Set the pictures aside and transcribe exactly the lines from the one containing "Äldre adventsljusstake uttagbar" through the final line of the records.

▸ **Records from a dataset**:
****************************************

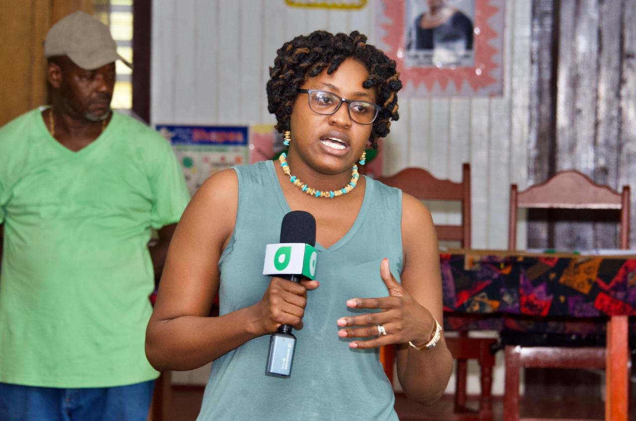 Minister of Public Service, Hon. Tabitha Sarabo-Halley makes a point during her discussions with the residents of Yarakita.
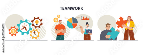 Obraz premium Teamwork set. Office characters collaborating for additional business
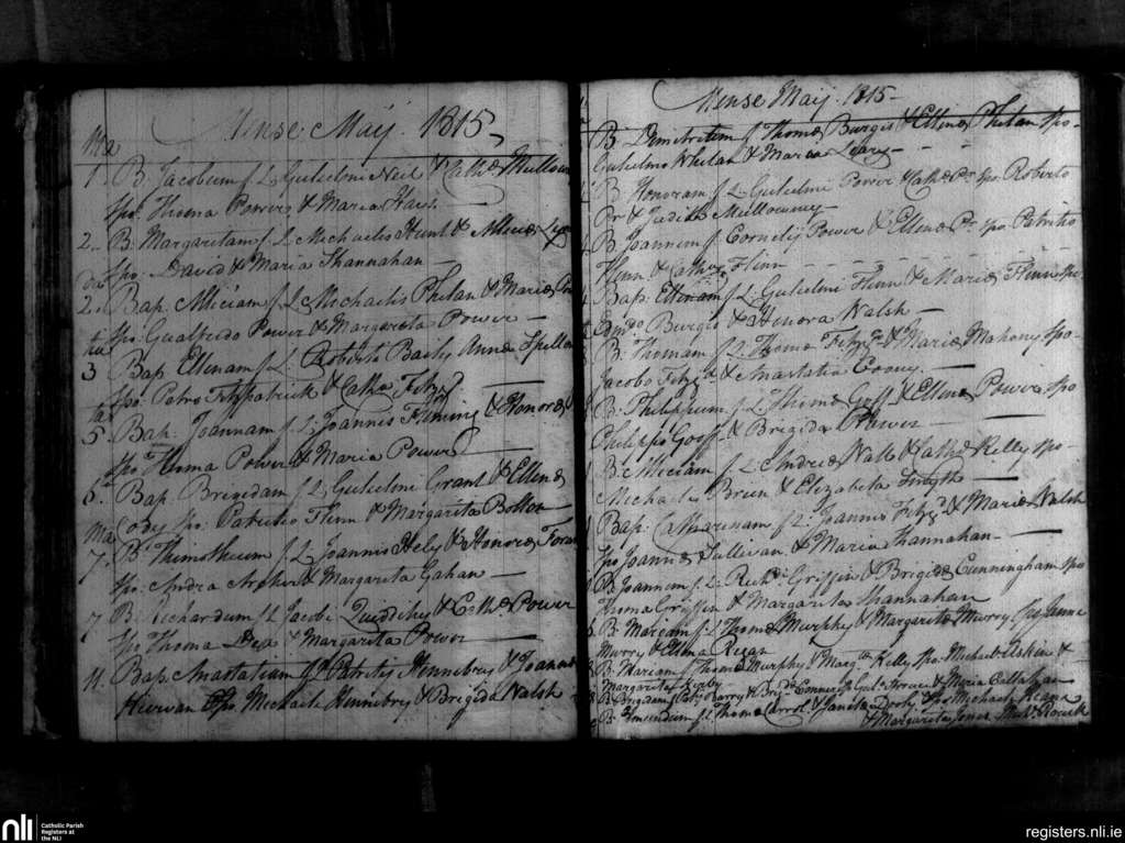 Portlaw; County of Waterford; Diocese of Waterford and Lismore. Baptisms, May 1815
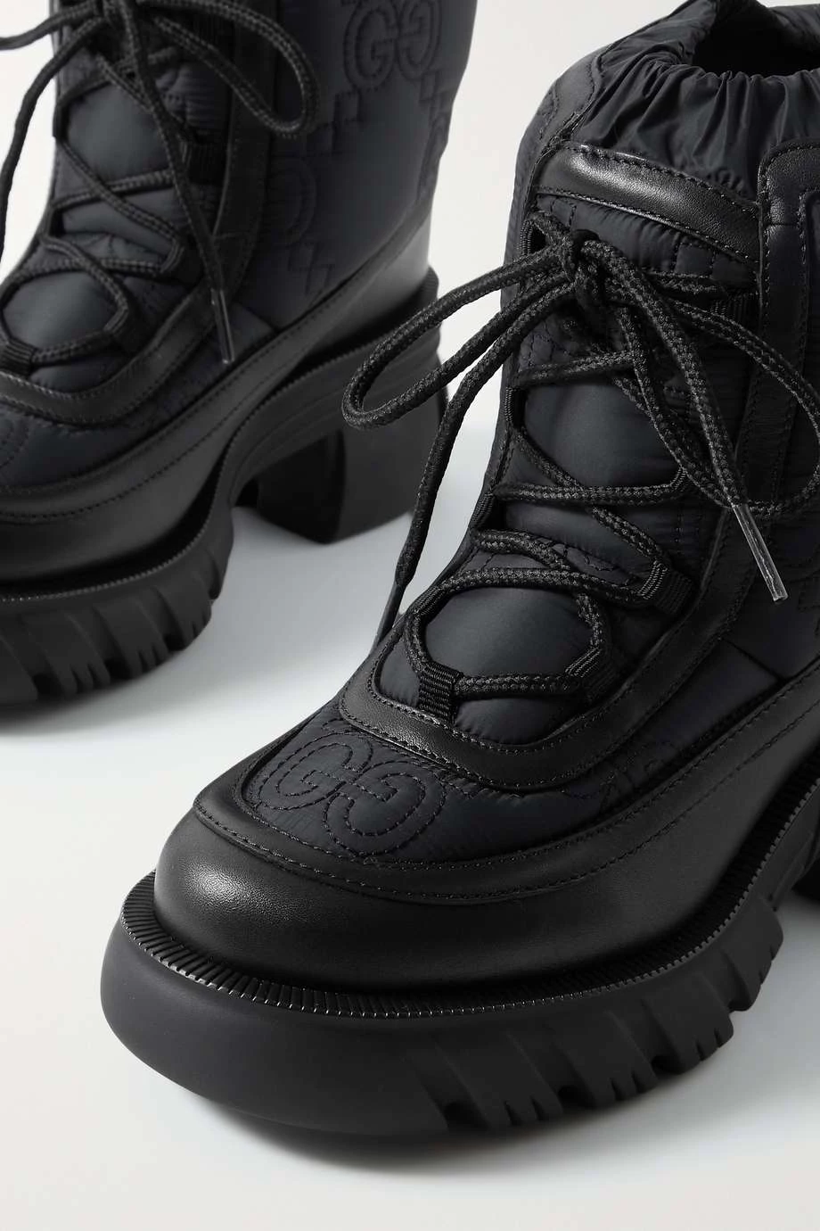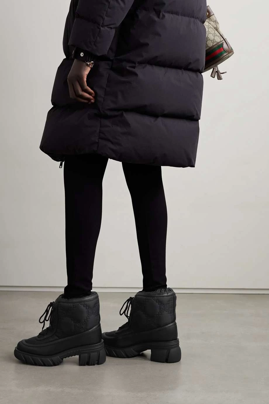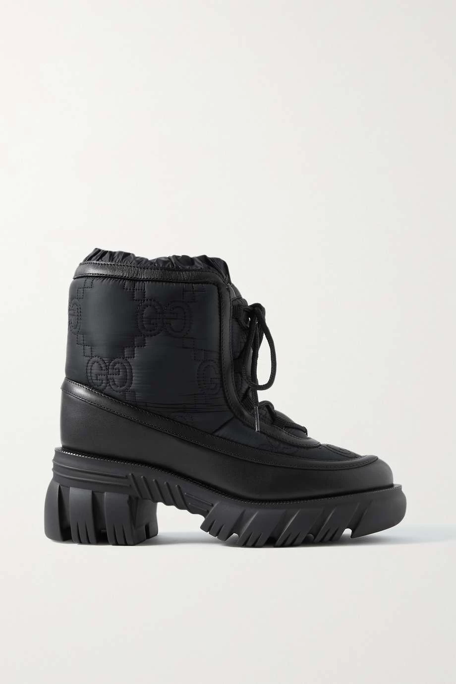 Die „Romance“ Schnürstiefel von Gucci wurden in Italien aus Shell mit Logostickereien gefertigt und mit Lederbesätzen gestaltet. Das Paar mit dicker Gummisohle bietet optimal Halt auf nassem Untergrund und verhindert dank des elastischen Abschlusses das Eindringen kalter Luft.
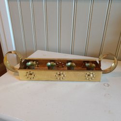 Äldre adventsljusstake uttagbar ljushållare trä/ mässing märkt Made in Sweden
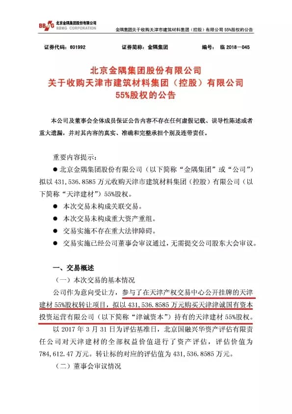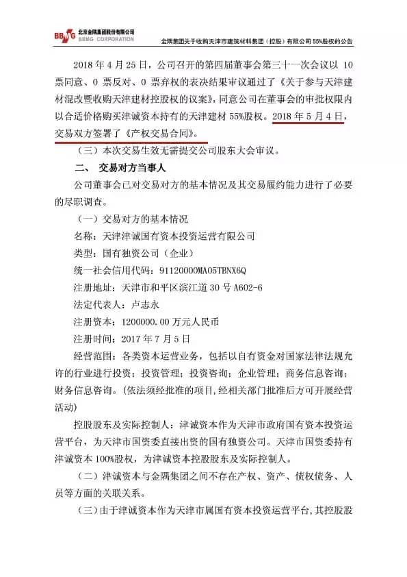 2018年1月,天津建材100%股权由天津市国资委划转至新成立的国资运营平台公司——津诚资本,由津诚资本通过天津产权交易中心公开挂牌转让天津建材55%股权。2018年3月29日,天津建材55%股权转让事项正式挂牌,最终金隅集团以40.18亿元成功摘牌。
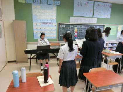 今朝も、パートごとに分かれて熱心に歌いこんでいます。合唱コンクールまであと10日。朝練・昼練・放課後練と練習を重ね、26日素晴らしいハーモニーを楽しみにいらしてください。

****************************************

▸ **Result for this exercise**:
 Äldre adventsljusstake uttagbar ljushållare trä/ mässing märkt Made in Sweden
 2018年1月,天津建材100%股权由天津市国资委划转至新成立的国资运营平台公司——津诚资本,由津诚资本通过天津产权交易中心公开挂牌转让天津建材55%股权。2018年3月29日,天津建材55%股权转让事项正式挂牌,最终金隅集团以40.18亿元成功摘牌。
 今朝も、パートごとに分かれて熱心に歌いこんでいます。合唱コンクールまであと10日。朝練・昼練・放課後練と練習を重ね、26日素晴らしいハーモニーを楽しみにいらしてください。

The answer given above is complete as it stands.